American women of Spanish and Latin American descent, also known as Latinas, contributed to the United States' efforts in World War II both overseas and on the Homefront.

== Before the war ==
In the aftermath of World War I, countries of Europe were left in debt from the war, inflation started to rise, and the United States suffered from the Great Depression. The United States opposed the fascist regimes that were gaining ground around the world, but it was not until 1941 that the U.S. entered into the war. In reaction to the December 7 attack on Pearl Harbor, the American public overwhelmingly supported military involvement and Congress declared war on Japan on December 8, 1941.

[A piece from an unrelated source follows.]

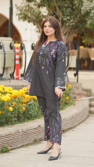 The radiant ensemble offers a unique and stylish look for any special occasion. This 2-piece suit features a chic contemporary short shirt with minimal floral prints. The matching trousers make it a trendy outfit to style at fun gatherings.

=== Latinos in the U.S. ===
American men and women of Latin American or Spanish descent had served in World War I and promoted the efforts of the United States. While many Latinos joined the military to serve their country, evidence shows that discrimination remained a common experience.

Herbert Hoover claimed that undocumented Latinos were a contributing factor for high unemployment rates during the Great Depression. In response to demands from organized labor, Secretary of Labor William Doaks reinvigorated the Immigration and Naturalization Service, advocating the use of random raids to apprehend undocumented persons and/or those unable to prove citizenship for repatriation outside the U.S.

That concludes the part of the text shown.